/ 28 May 2010

Sprawling tales of home

Sprawling Tales Of Home

In Context is really like a mini-biennale,” Antoinette Murdoch, Johannesburg Art Gallery (JAG) director, said recently about the wide range of exhibitions and performance events at the Goodman Gallery Project Space in Johannesburg during the Soccer World Cup.

With its cast of important characters from South Africa and abroad, and seven distinct sub-exhibitions and events, In Context may just be the closest Johannesburg has come to a biennale since 1998.

In Context opened at Arts On Main on May 23 with a formidable exhibition of works by several international artists as well as some of South Africa’s prime exports — expatriates Kendell Geers, Candice Breitz and Robin Rhode all make of this a rare sojourn on home turf.

This exhibition constitutes the core component of In Context, although the programme also encompasses, among others, the JAG exhibition of William Kentridge’s eight film fragments, I am not me, the horse is not mine, and a new two-part performance project by Willem Boshoff, Big Druid in His Cubicle and Big Druid Walks in the City. In the latter, the artist will conduct a daily walking ritual around the Johannesburg inner city from his specially furnished druid’s cubicle at Arts on Main.

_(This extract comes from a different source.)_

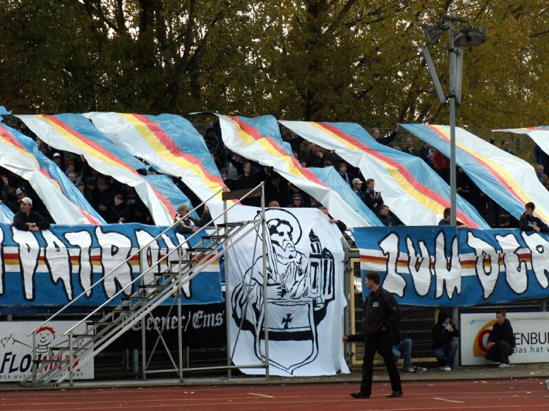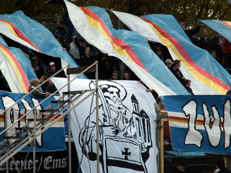 Im weiteren Verlauf dann zweimalig weißer Rauch auf Meppenseite, ein Spruchband

Goodman Gallery director Liza Essers writes in her introduction to the catalogue that In Context is about different approaches to the idea of “home”. And home, according to this exhibition, seems less a place where one stays than a place one has left, longs for, returns to or even imagines. The majority of South African artists on this show enjoy greater success in the United States and Europe than at home in South Africa.

Artists from other African countries seem to have been included not because of the relevance of their work to the concept of home but primarily because they are from Africa, a continent where the right to feel at home has been contested historically. Two American artists Kara Walker and Hank Willis Thomas provide a converse view of this dilemma, unpacking the idea of Africa as the imagined rightful home of African-Americans.

As an assembly of strong works by knowledgeably selected artists, this exhibition is just about spotless. Italian artist Michelangelo Pistoletto’s Labirinto e Grande Pozzo, a maze built from corrugated cardboard folded into the most delicate filigree and occupying the entire Goodman Gallery project room, is evidence of the effort that has gone into producing this project.

As is Malagasi artist Joël Andrianomearisoa’s Tres Cher, a multilayered curtain made from currency notes from around the world.

Surprisingly, one of the most alluring works on the show comes from just a few blocks away from Arts on Main, the Ponte tower in the suburb of Berea. Artists Mikhail Subotzky and Patrick Waterhouse have for some time been developing a photographic series about the dreams and lived realities that have played out behind Ponte’s closed doors.

In this manifestation of their work, Ponte City, they have shrunk sprawling montages of different views of Ponte — its hundreds of doors, windows and television sets — into large rectangular light boxes that resemble Ponte as seen from a distance at night.

In spite of its top-end content, it is difficult to read In Context as a conceptually coherent entity. Because the idea of “home” has been interpreted so widely by different artists, the exhibition simply sprawls into a catch-all for political critiques that are related to South Africa in the most tangential of ways.

Yinke Shonibare’s The Sleep of Reason Produces Monsters (Africa), made after the famous Goya etching by the same name, alludes to colonial trade and culture as reasons for displacement. The sleeper is dressed in one of Shonibare’s elaborate costumes made of Dutch Wax fabric, imported into Africa through Europe and Indonesia.

This hangs alongside Billi Bidjocka’s Modern Pieta, a beadwork line drawing of Michelangelo’s 15th-century sculpture The Pieta, made by Cape Town craft group Beloved Beadworks. Both works cite European masterpieces and root themselves in Africa through specific craft materials.

But instead of illuminating the concept of home, these works seem forced to wear it like a shoe one size too small.